I am trying to plan for a architecture in which I need to have streamset and kafka to ingest the data to cloudera platform on the top of AWS instances. I got two main concerns:
1- What should be the suitable config for the cluster subnet including streamset and kafka? Should I consider it as a gateaway nodes and and just have boot disk and not data disk? Is there any template or recommmended config?
2- I also notice for the production, it is recommended to have an external DB. Do we have a recommendation on the type of config of this DB and its server?
Take a look at Cloudera's AWS reference architecture for recommendations to get you started.
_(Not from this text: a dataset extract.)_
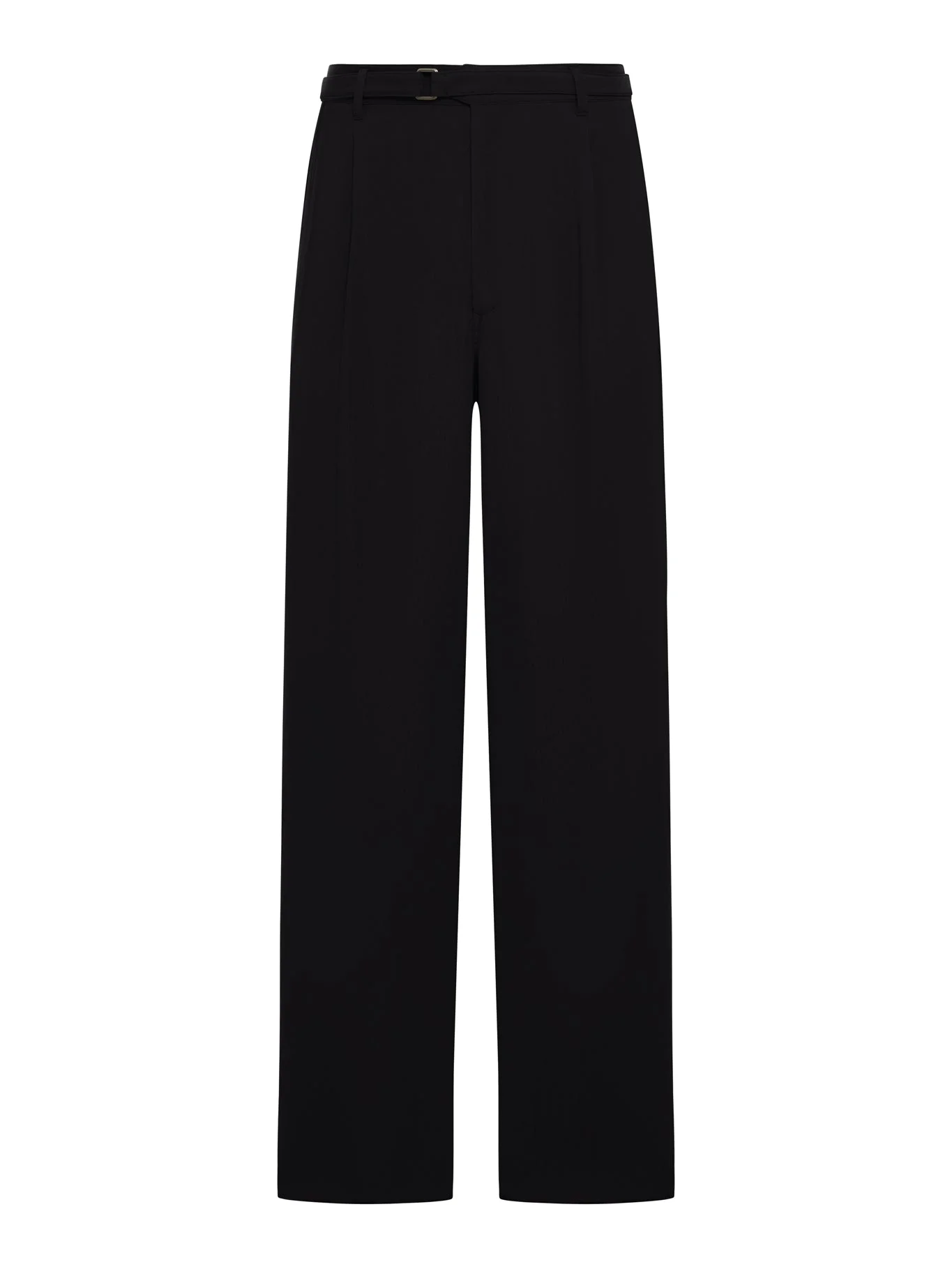 - Single-pleated trousers - Belt with metal buckle - Waistband with belt loops - Zip and button closure - Two side pockets - Two back welt pockets - Hem width: 26 cm - Color: Black Beauty Composition: Cupro 100% cupro Color code: UC001 BLACK BEAUTY GM003383TE10069

It doesn't cover Streamsets specifically, but Kafka and other parts of CDH are included.
For both Cloudera Director and Cloudera Manager, we do recommend using an external database server. Cloudera Director can use MySQL for its own database, and it can set up MySQL for Cloudera Manager and for cluster services that use a database such as Hive. The documentation has configuration recommendations, like using InnoDB instead of MyISAM under the hood. Overall, though, there aren't strict requirements for the database configurations. You'll just want enough room, particularly for cluster service databases like the Hive metastore, for your future needs.
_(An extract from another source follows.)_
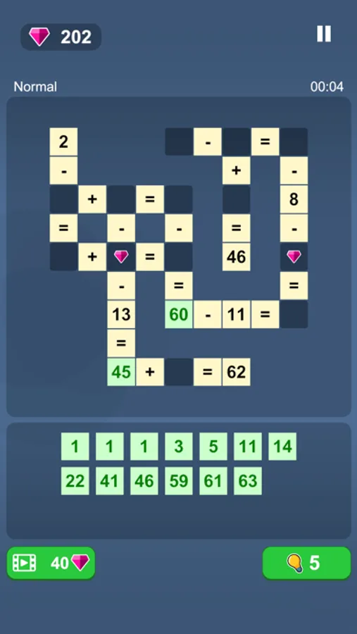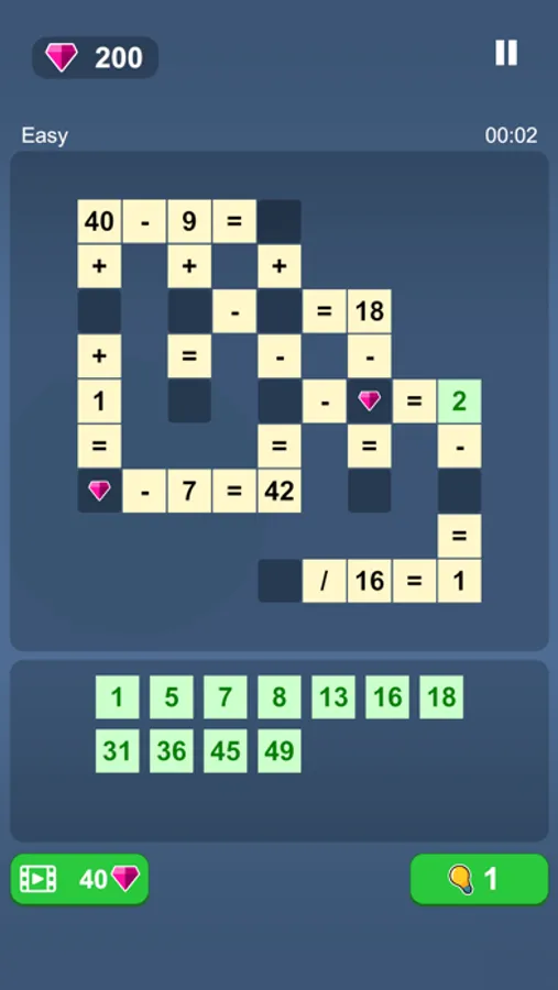The game will test your math problem solving skills, there are different difficulty levels, collect crystals to use hints.

Thanks for the quick reply.
I checked the documents. So for high availability, the external database should be outside of cluster, right? So does it means that I need to put database outside of vpc and use internet to connect to it or I just need to have another instance in the same vpc?
You can use a service like RDS to host the external database server, and let it handle replication and availability. The database server can reside in the same VPC. You would not want to host the server outside AWS or route requests to it over the public internet, for cost and performance reasons.